One drawback of this study was reliance on self-reported alcohol consumption because it is clear that people tend to under-report given such circumstances. All participants were all civil servants so finding a generalization is difficult or a separate study needs to be conducted which considers socioeconomic factors. Most participants were already in midlife when the study was initiated, therefore, alcohol consumption pattern in early adulthood is completely ignored here. Authors state that their study is mainly observational and no direct conclusion can be made until its scope is expanded.

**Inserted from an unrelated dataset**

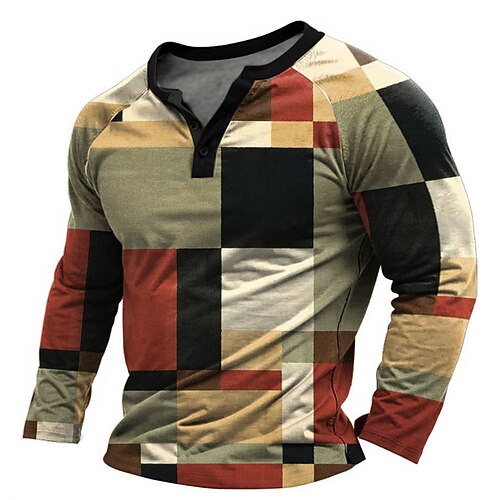 Per uomo Grafico Patchwork Maglietta Maglia Henley Manica Lunga Designer Essenziale Classico All'aperto Quotidiano Sportivo Primavera Autunno Multicolore Nero Henley Maglietta Henley
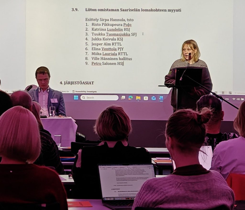 Torstaina kuultiin niin pidetyn jäsenedun puolustuspuheita kuin sopeutustoimenpiteitä ymmärtäviä kantoja. Otavamediaa edustava valtuutettu Katriina Lundelin (kuvassa) nosti esiin, että mökkilomat eivät ole ainoa tapa tarjota virkistystä. Hän kertoi HSJ:n joustavasta virkistysmallista, jossa kuka tahansa jäsen voi hakea lomastipendiä kotimaan kohteeseen. Mökkilomista lomastipendeihin siirtyminen on lähes kymmenkertaistanut hakijamäärän HSJ:ssa.

This work again puts emphasis on midlife risk factors. Changes in someone’s brain are believed to start more than two decades before anyone displays any symptoms (example, of dementia). More importance needs to be given to midlife and lifestyle risk factors which can easily be modified right from midlife. Such risk factors are weight, blood sugar levels and cardiovascular health. A person can certainly alter their risk of developing dementia later in life by making suitable changes in midlife. Giving all credit to alcohol consumption for affecting an aging brain would be perhaps gimmicky as more research is needed in examining the brain directly to further our understanding of neurological disorders.